#### PROVIDED MATERIAL ####

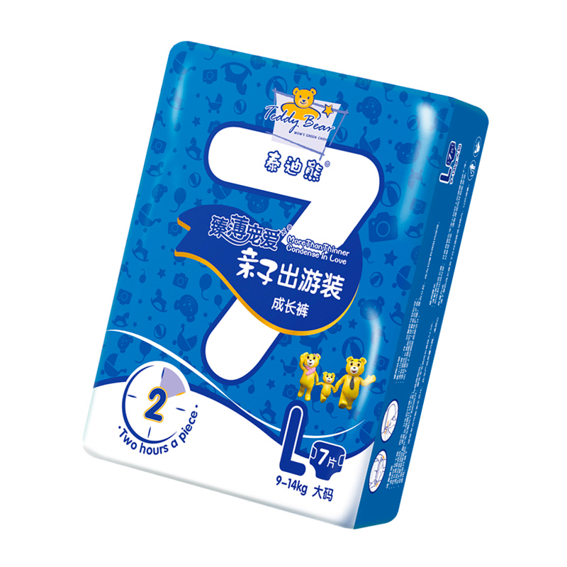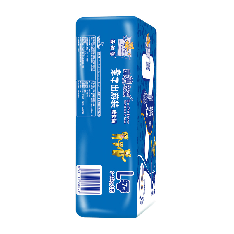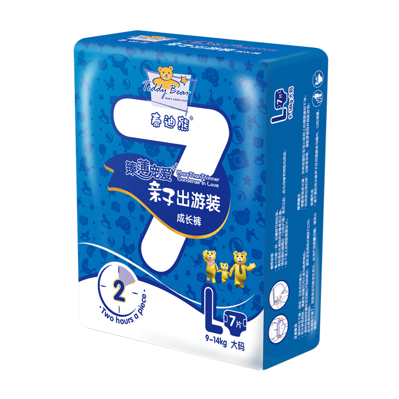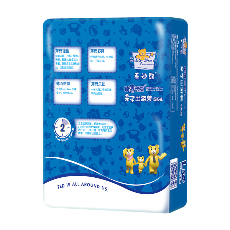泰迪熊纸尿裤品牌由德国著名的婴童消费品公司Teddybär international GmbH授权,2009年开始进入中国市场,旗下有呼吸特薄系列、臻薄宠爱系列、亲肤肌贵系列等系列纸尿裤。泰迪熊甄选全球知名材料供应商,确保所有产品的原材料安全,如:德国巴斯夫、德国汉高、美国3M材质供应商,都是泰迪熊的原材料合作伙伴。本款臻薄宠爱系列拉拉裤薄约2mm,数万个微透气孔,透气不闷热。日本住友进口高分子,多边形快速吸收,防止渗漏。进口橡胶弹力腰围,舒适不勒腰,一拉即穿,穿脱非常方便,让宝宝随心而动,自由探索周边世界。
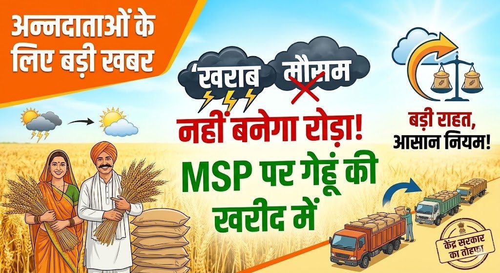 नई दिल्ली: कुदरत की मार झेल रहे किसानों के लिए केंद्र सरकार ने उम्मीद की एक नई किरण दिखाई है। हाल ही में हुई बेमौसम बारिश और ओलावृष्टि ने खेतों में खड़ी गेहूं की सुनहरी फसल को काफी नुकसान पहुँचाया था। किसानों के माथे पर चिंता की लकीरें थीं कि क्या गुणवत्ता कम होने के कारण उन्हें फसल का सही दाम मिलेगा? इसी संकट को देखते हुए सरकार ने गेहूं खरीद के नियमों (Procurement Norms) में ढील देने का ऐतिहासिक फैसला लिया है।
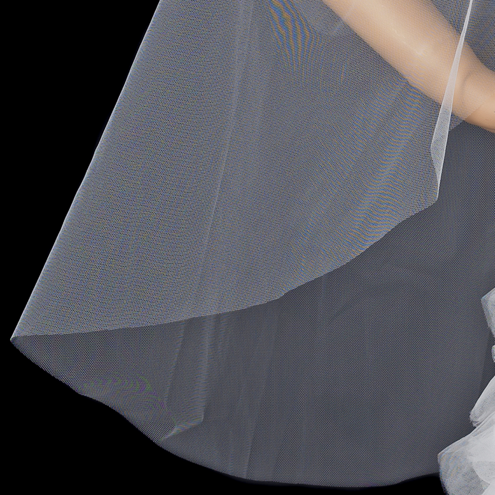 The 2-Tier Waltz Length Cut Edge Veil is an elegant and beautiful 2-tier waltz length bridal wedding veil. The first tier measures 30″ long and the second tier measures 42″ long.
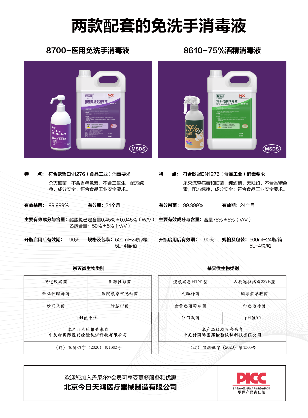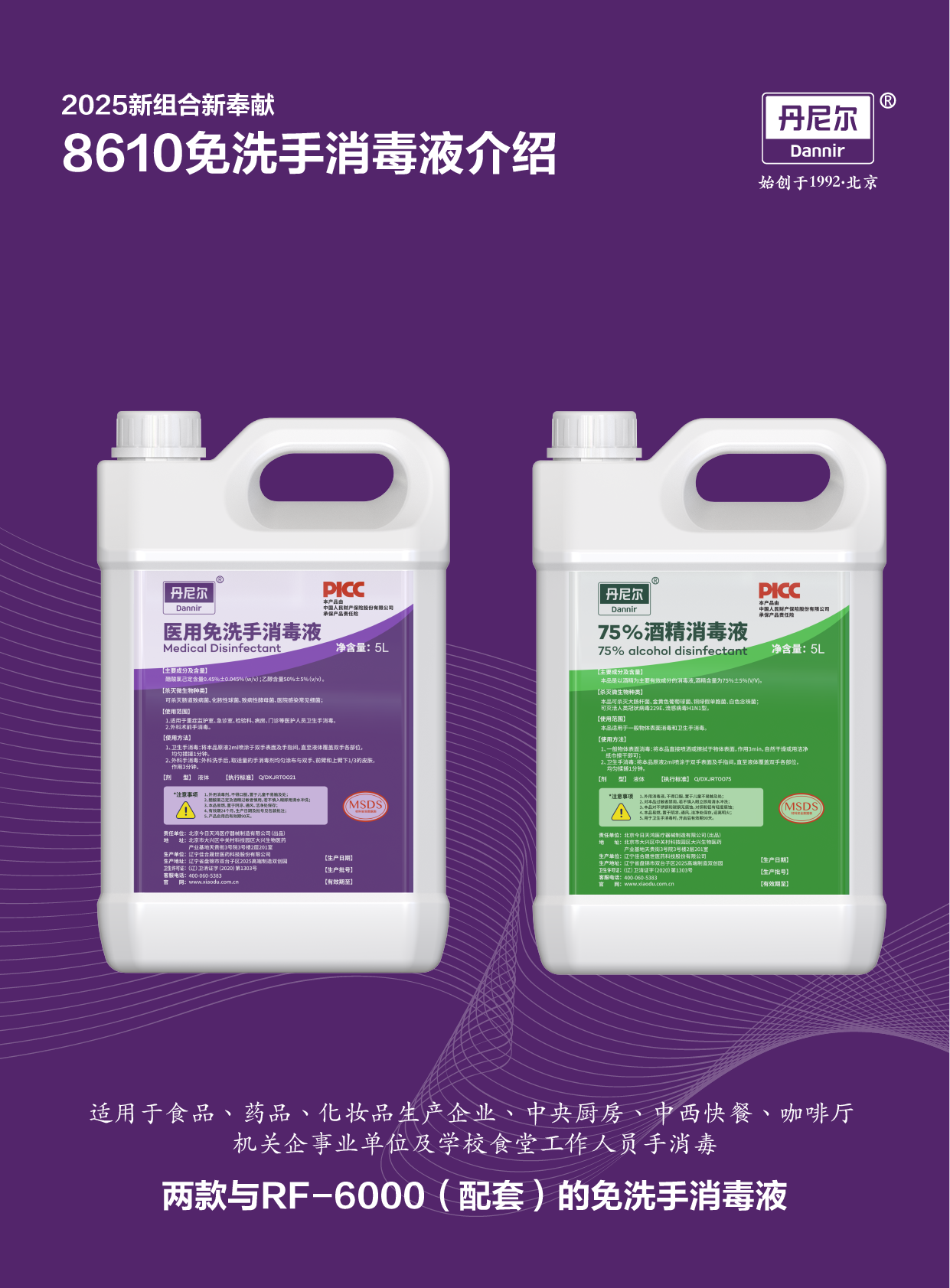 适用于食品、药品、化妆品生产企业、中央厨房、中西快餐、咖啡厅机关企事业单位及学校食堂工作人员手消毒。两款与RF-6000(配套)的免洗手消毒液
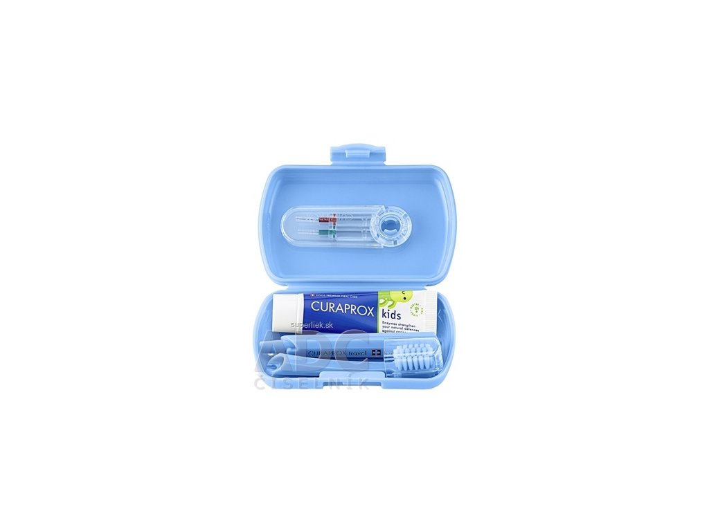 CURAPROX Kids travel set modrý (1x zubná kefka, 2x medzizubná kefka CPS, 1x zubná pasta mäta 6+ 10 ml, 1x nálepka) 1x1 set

####

§ TASK TO CARRY OUT:
Your copy of the entries above must be exact and must not include pictures.

§ ANSWER BOX:
泰迪熊纸尿裤品牌由德国著名的婴童消费品公司Teddybär international GmbH授权,2009年开始进入中国市场,旗下有呼吸特薄系列、臻薄宠爱系列、亲肤肌贵系列等系列纸尿裤。泰迪熊甄选全球知名材料供应商,确保所有产品的原材料安全,如:德国巴斯夫、德国汉高、美国3M材质供应商,都是泰迪熊的原材料合作伙伴。本款臻薄宠爱系列拉拉裤薄约2mm,数万个微透气孔,透气不闷热。日本住友进口高分子,多边形快速吸收,防止渗漏。进口橡胶弹力腰围,舒适不勒腰,一拉即穿,穿脱非常方便,让宝宝随心而动,自由探索周边世界。
 नई दिल्ली: कुदरत की मार झेल रहे किसानों के लिए केंद्र सरकार ने उम्मीद की एक नई किरण दिखाई है। हाल ही में हुई बेमौसम बारिश और ओलावृष्टि ने खेतों में खड़ी गेहूं की सुनहरी फसल को काफी नुकसान पहुँचाया था। किसानों के माथे पर चिंता की लकीरें थीं कि क्या गुणवत्ता कम होने के कारण उन्हें फसल का सही दाम मिलेगा? इसी संकट को देखते हुए सरकार ने गेहूं खरीद के नियमों (Procurement Norms) में ढील देने का ऐतिहासिक फैसला लिया है।
 The 2-Tier Waltz Length Cut Edge Veil is an elegant and beautiful 2-tier waltz length bridal wedding veil. The first tier measures 30″ long and the second tier measures 42″ long.
 适用于食品、药品、化妆品生产企业、中央厨房、中西快餐、咖啡厅机关企事业单位及学校食堂工作人员手消毒。两款与RF-6000(配套)的免洗手消毒液
 CURAPROX Kids travel set modrý (1x zubná kefka, 2x medzizubná kefka CPS, 1x zubná pasta mäta 6+ 10 ml, 1x nálepka) 1x1 set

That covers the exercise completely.